Of course not, we say. The story will not bring the murdered back to life. And no, most of us cannot hope to understand the pain endured by anyone who has been persecuted or tortured. But a novel like Human Acts shows us that it’s not for our benefit that we hear the story. It’s for the benefit of the teller. By receiving their story and holding it gently, we acknowledge the other person’s right to grieve, to rage, to resist, to survive, to heal.

And yet, the prisoner challenges us again. Furious, he wonders if human beings are fundamentally cruel. “Is the experience of cruelty the only thing we share as a species? Is the dignity that we cling to nothing but self-delusion, masking from ourselves the single truth: that each one of us is capable of being reduced to an insect, a ravening beast, a lump of meat? To be degraded, slaughtered – is this the essential of humankind, one which history has confirmed as inevitable?”

Han Kang seems to say, “no!”. And I agree. The prisoner doesn’t want to tell us his story, but we know that the act of listening to another person’s story of pain is how we keep each other’s dignity alive. The act of listening to another person’s story is an act of recognition of the other person’s value. The very human act of sharing stories, the bright ones, and the horrible ones, is one of our most powerful bulwarks against the terrifying fact that as much as there is love and beauty in humanity, there is also cruelty.

“I never let myself forget that every single person I meet is a member of this human race. And that includes you, professor, listening to this testimony. As it includes myself.”
Han Kang, Human Acts

 

Exchanging stories is a uniquely human act. Our ability to imagine what it would be like to be somebody else and imagine what it might feel like to go through something is unique to our species. And the novel’s hope is this ability can repair the cruelty of those other uniquely human acts described within it. It’s in the title.

As the prisoner reminds us towards the end of Human Acts, “every single person [we] meet is a member of this human race.” We are all alone, every day, each of us facing the fact of our own humanity and knowing “that death is the only way of escaping this fact.” Kang tells us that we, who are all just human, don’t have answers for each other. What she doesn’t say, what she only allows us to experience through her novel, is that how we protect the goodness in humanity is by showing up for each other.
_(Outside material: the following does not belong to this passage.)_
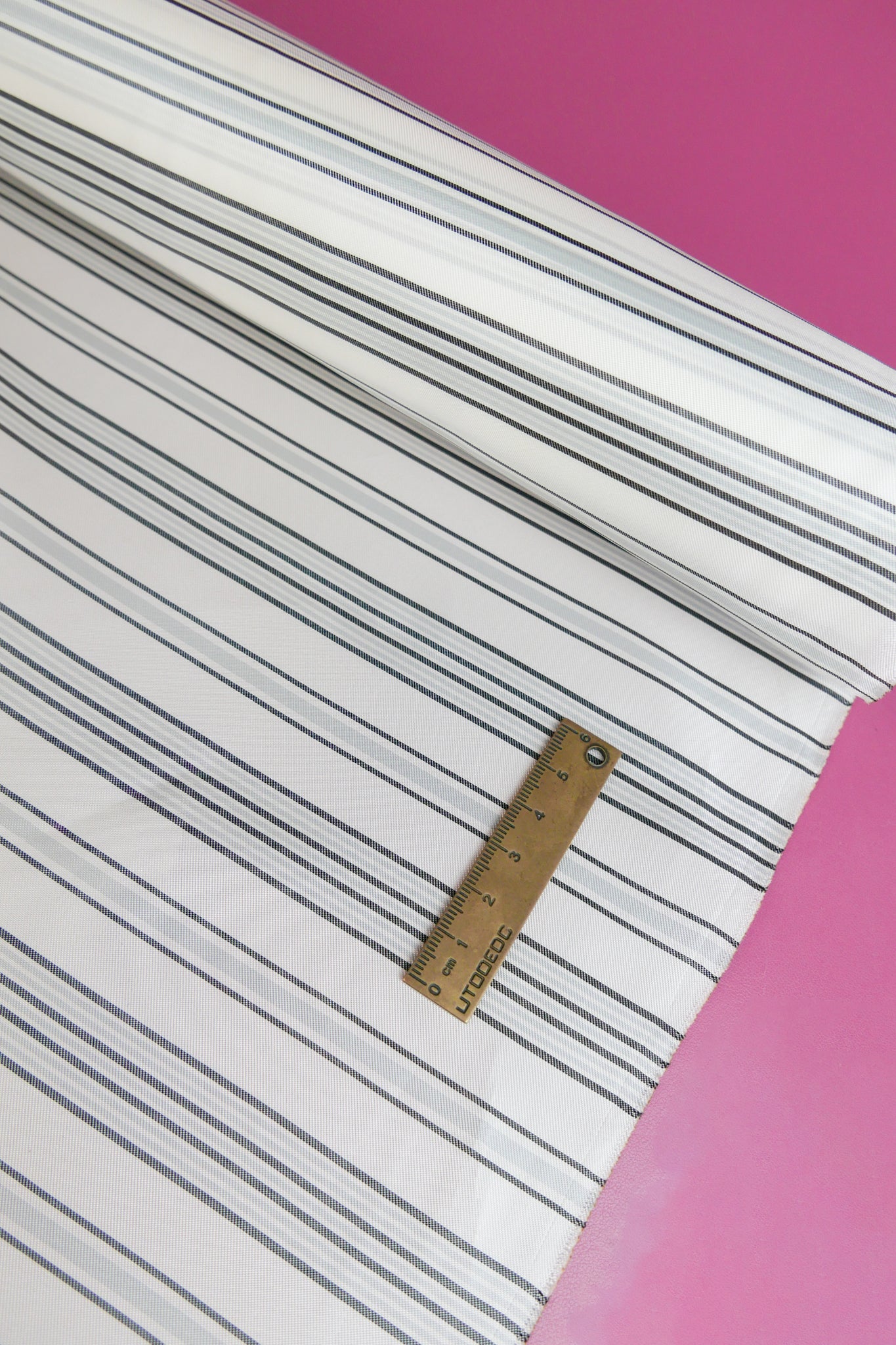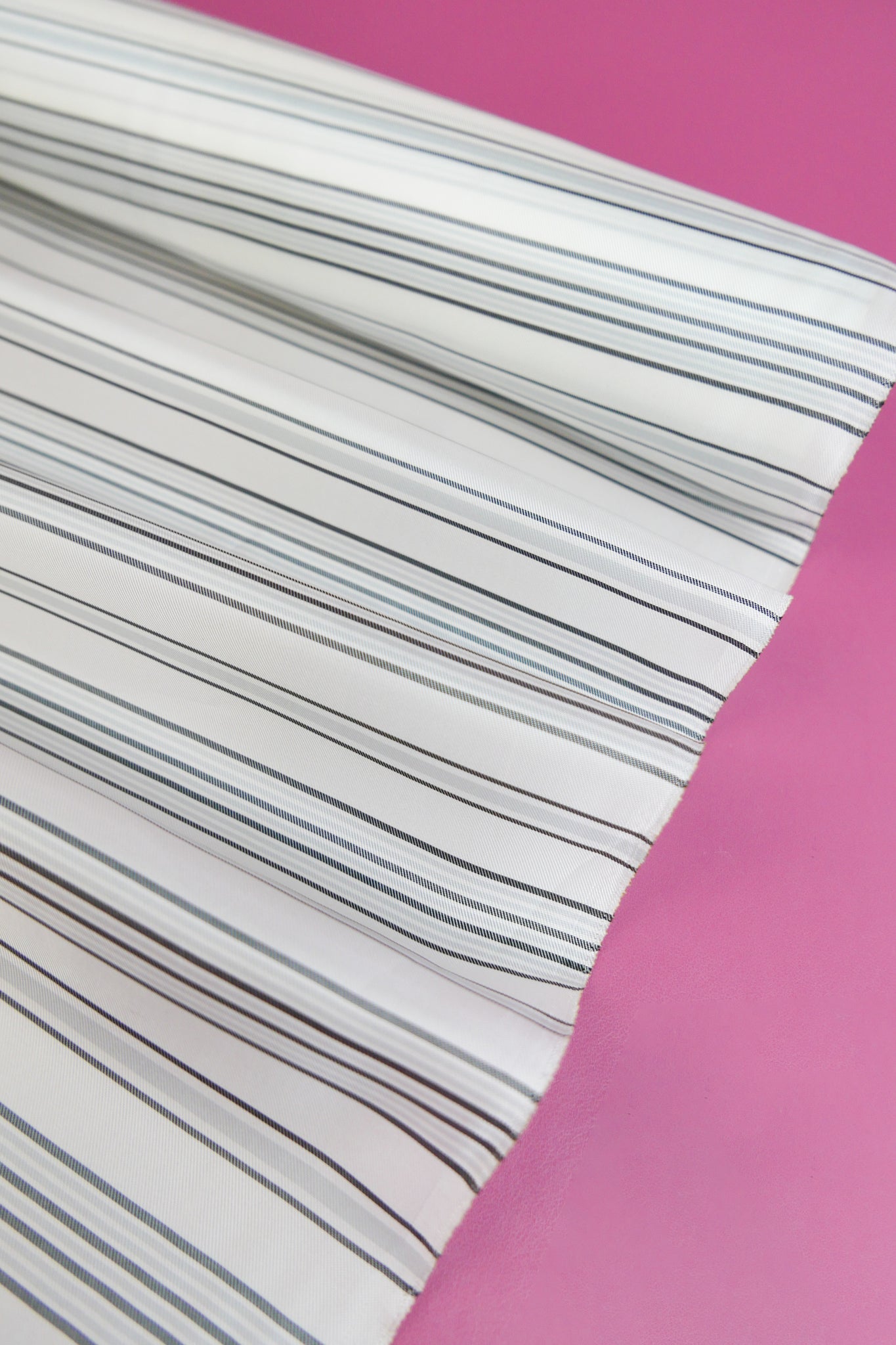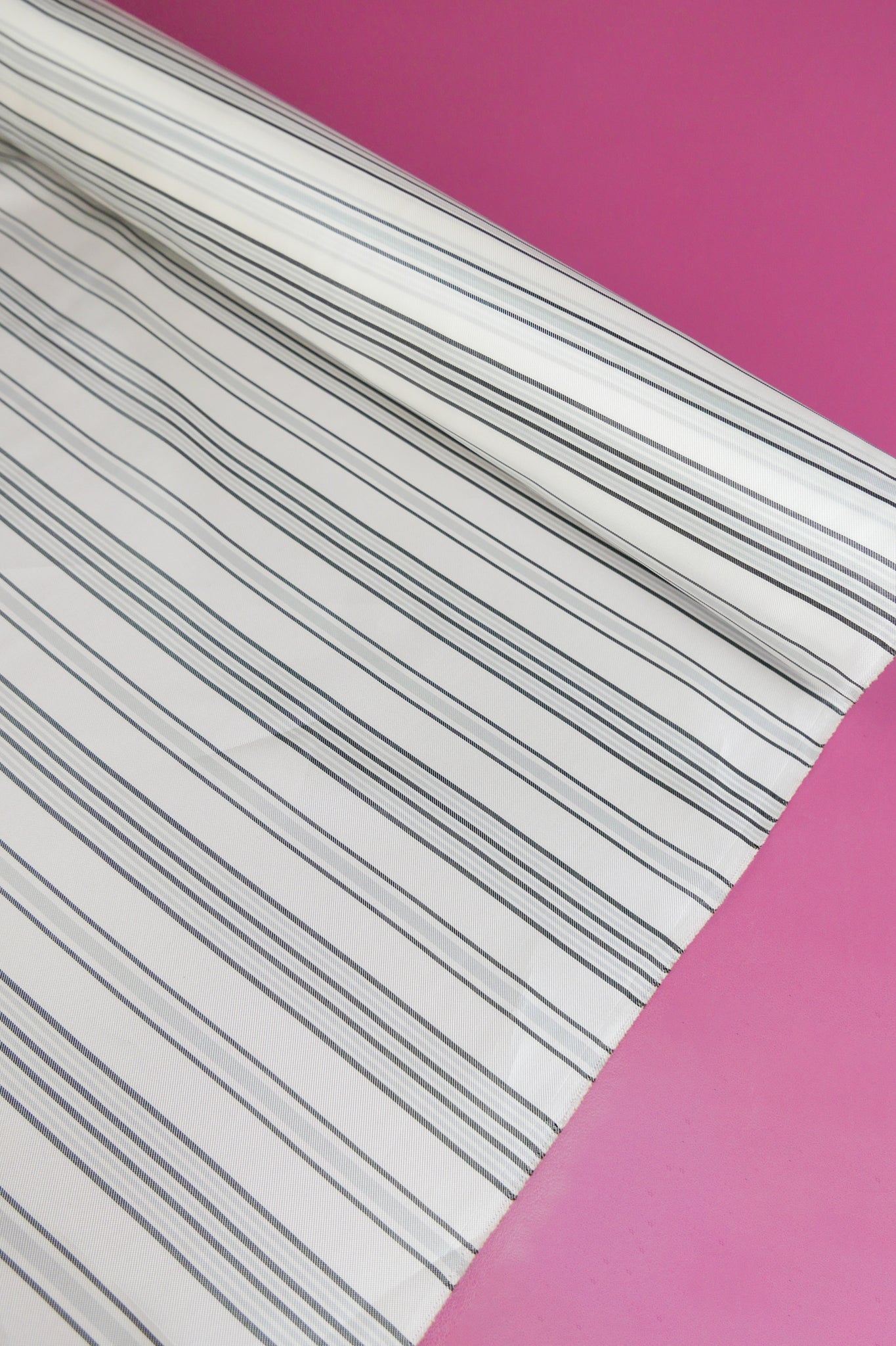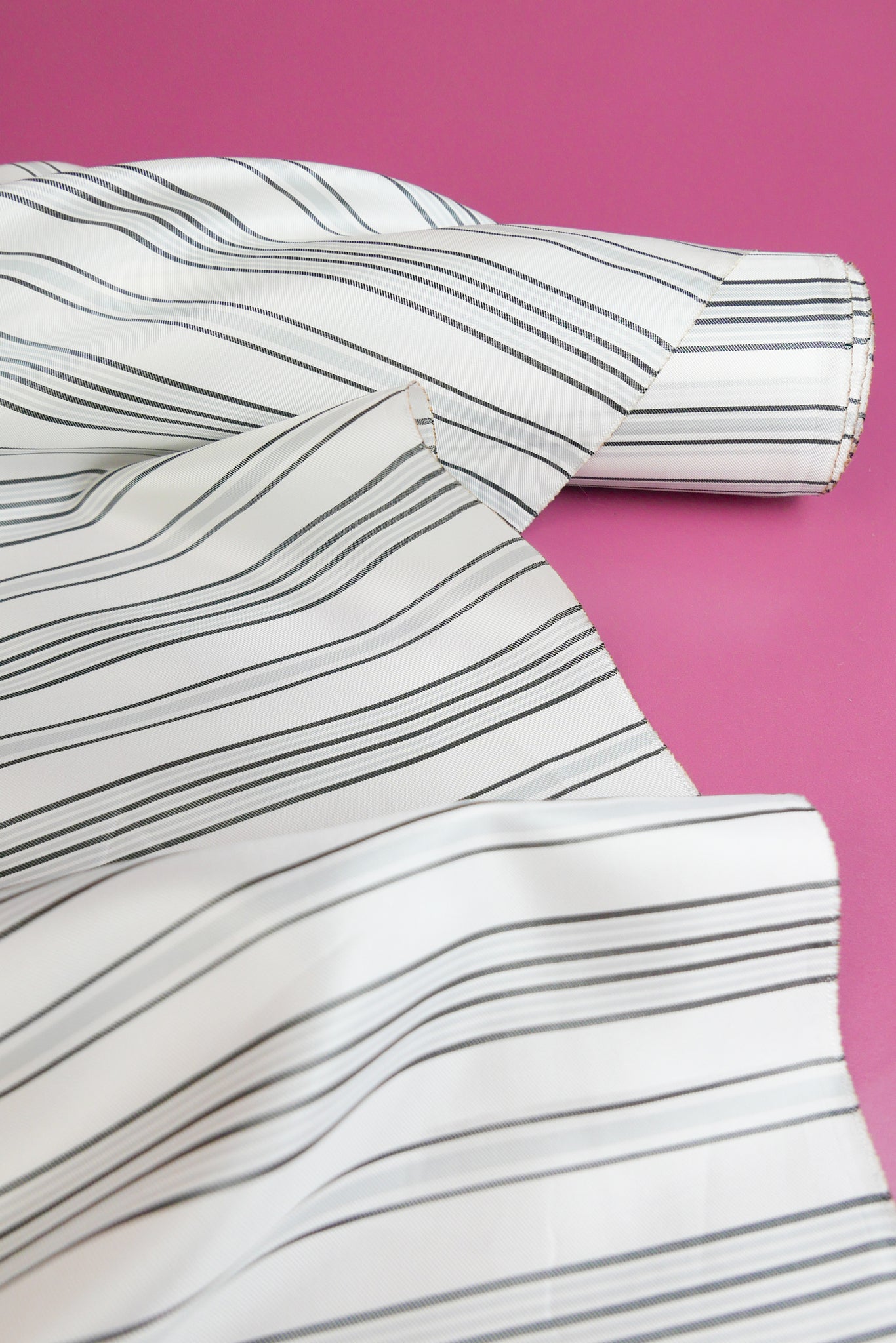 A lavish Italian lining, Marca adds a feeling of luxury to any garment. It features a timeless stripe design in silver and black that runs selvedge to selvedge, on an off-white cloth with a glow-like sheen. Mostly opaque and with a beautiful drape, it's perfect for both lining and garments. It would make into beautiful lightweight dresses, tops and skirts.

By refusing to flinch. By refusing to turn away. By sharing stories, we create those communities.

This is a novel that reminded me of all that. So, go get yourself a copy of Human Acts by Han Kang, and then post your thoughts in the comments.
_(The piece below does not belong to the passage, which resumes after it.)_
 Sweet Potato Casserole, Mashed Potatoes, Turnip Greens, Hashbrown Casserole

Discussion questions for Human Acts by Hang Kang:

1. At what points in the narrative did you feel yourself wanting to turn away from the images evoked by the prose? How did you feel reading passages such as this one?

2. Whose story did you feel most drawn into? Why?

3. How can narrative retelling and remembering provide cathartic release from sufferers of trauma? How can it cause more suffering?

4. Thinking of the characters you found most compelling, how do you imagine you would have acted in similar circumstances? What do you think you would have done differently?

5. Why do we observe the funeral ritual when someone dies? How were the characters of the story affected by their inability to have a funeral for their loved one?

6. Do you think humans have a soul?

7. Is it inevitable for humanity to continue committing acts of such cruelty as those described in the novel?

8. How much do you know about the Gwangju uprising in South Korea and its aftermath? Are there similar instances of violence in your own country’s history? What stories have you heard about them?

9. How do you feel about the Gwangju’s students’ acts of protest for democracy? Were they brave? Was their death pointless or did it serve a greater good?

10. What brave human acts have you done recently?